# What to do
Find the lines below holding the word "Desktop" and copy each of them.

# Supplied material
*****

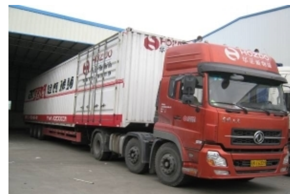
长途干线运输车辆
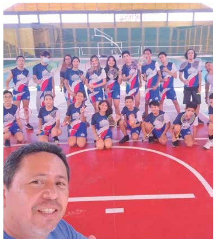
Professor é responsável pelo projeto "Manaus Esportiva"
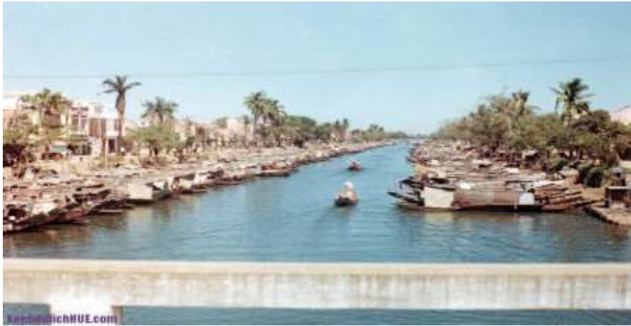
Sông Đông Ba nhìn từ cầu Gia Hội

*****

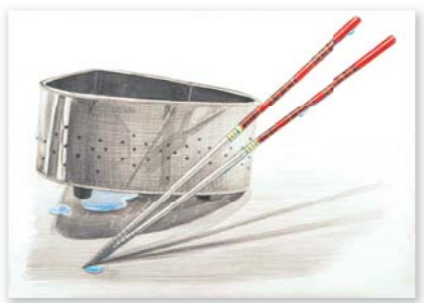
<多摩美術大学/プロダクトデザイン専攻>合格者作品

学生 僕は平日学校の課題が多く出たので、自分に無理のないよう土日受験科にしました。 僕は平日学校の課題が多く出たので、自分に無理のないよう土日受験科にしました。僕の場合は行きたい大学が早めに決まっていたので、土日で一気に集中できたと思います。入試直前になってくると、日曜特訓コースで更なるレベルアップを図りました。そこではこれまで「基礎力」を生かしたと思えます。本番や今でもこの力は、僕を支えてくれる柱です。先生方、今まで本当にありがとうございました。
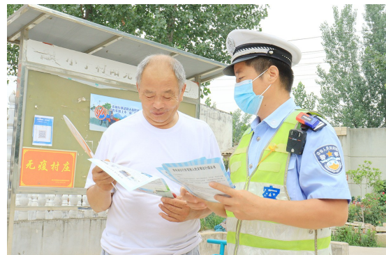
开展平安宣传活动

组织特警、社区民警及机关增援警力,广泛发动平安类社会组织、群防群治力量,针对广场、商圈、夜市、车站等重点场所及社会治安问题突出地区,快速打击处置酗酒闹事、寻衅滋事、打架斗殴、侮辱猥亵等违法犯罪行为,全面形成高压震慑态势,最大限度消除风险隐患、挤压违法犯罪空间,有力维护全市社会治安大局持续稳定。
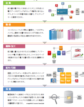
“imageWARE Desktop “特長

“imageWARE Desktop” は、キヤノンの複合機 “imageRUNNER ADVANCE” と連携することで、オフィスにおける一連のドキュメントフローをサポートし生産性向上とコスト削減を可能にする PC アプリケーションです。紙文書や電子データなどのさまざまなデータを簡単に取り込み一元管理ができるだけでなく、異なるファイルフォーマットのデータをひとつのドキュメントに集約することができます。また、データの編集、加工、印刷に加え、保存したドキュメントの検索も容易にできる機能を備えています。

*****

# Output below
“imageWARE Desktop “特長
“imageWARE Desktop” は、キヤノンの複合機 “imageRUNNER ADVANCE” と連携することで、オフィスにおける一連のドキュメントフローをサポートし生産性向上とコスト削減を可能にする PC アプリケーションです。紙文書や電子データなどのさまざまなデータを簡単に取り込み一元管理ができるだけでなく、異なるファイルフォーマットのデータをひとつのドキュメントに集約することができます。また、データの編集、加工、印刷に加え、保存したドキュメントの検索も容易にできる機能を備えています。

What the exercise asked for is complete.